In contrast, the private insurers who still negotiate Medicare and Medicaid drug prices today, they drive hard bargains focused on the value of an innovation in the larger scheme of care. Surveys show that a large majority of American seniors are satisfied with the Medicare Part D drug benefit. What’s more — and how many times can this be said about a government program? — the price tag for Part D has come in very much below the original estimates.

For many of the same reasons, doctors and patients need to carefully watch the development of what’s called “comparative effectiveness research” on behalf of the government—an effort that got a big boost in the stimulus package early this year.

Sponsoring solid, comparative research on the benefits, risks, and costs of various treatment options is a good thing. Doctors and patients clearly benefit from solid, science-based information. However, if the results of such research are used to trump physician judgment and to dictate medical practice or the availability and price of medicines, then personalized medicine will stop in its tracks.

Comparative effectiveness research tends to reach conclusions in the aggregate, about the many. Today’s and tomorrow’s highest-value treatments are all about the one, the individual patient.

In the midst of the broader health care reform season, Congress also is looking right now at legislation to encourage and regulate copied biotech products in the health care market, a very important way to control costs down the road.

Some Members of Congress, unfortunately, back legislation that would deny inventor-companies almost any period of “data protection” for their discoveries. Data protection means that for a certain period of time after the FDA approves a new biotech medicine, no one other than the inventor-company could make reference the inventor’s data about the product, and its manufacturing process, in another application to the FDA.

Setting the data protection clock at only a few years would leave biotech companies with almost no hope of recouping our investments in many of the best ideas for creating new medicines. The already anemic venture capital market in biotech, which I mentioned earlier, would get much sicker still.

We believe the answer lies instead with a 14-year protection period, balancing the prospect of a return on investment with a clear path to lower-cost copies. The bipartisan “Pathways for Biosimilars Act” in Congress takes this approach.

Ladies and gentleman, here’s my second opinion in a nutshell. Innovation is not the problem in our health care system. It’s not something to be feared or stifled.

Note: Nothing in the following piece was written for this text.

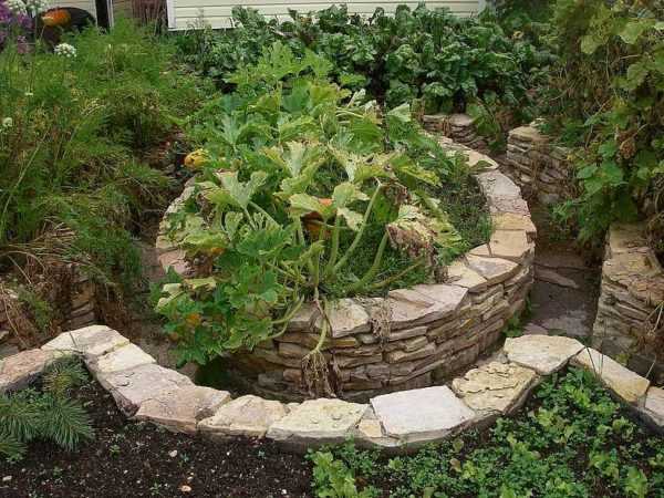 Ограда для грядок сложена из плитняка — пиленного природного камня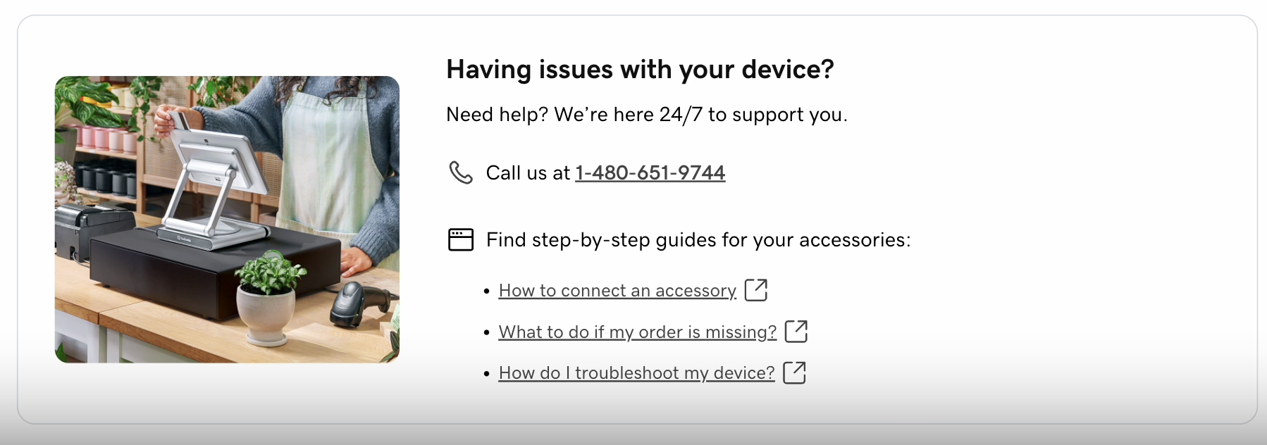- 3Devices right rail and support — device and accessory cards prioritize POS devices first, and the Get Help card provides clearer localized support guidance

Instead, it’s a huge part of the solution.

  • Without innovation, we’re not going to be able to provide more effective health care to a rapidly aging population or control health care’s real cost drivers, including long-term care and hospitalizations.
  • Without innovation, we will be defenseless against growing scourges—such as Alzheimer’s disease, diabetes, and cancer.
  • Without innovation, the staggering health crises that linger in the developing world will get worse, not better.
  • Without innovation, we will not come close to matching the last century’s progress in longevity and quality of life—and may even go backwards.

Tie this all together, and I hope you’ll understand how this second opinion adds value to the first. We need to keep the “I” word on the table so that access to health care for all, better quality, and manageable costs will be achieved and also sustained in the decades ahead.

Encouraging innovation needs to be the purpose of U.S. health care reform—not its victim. Thank you.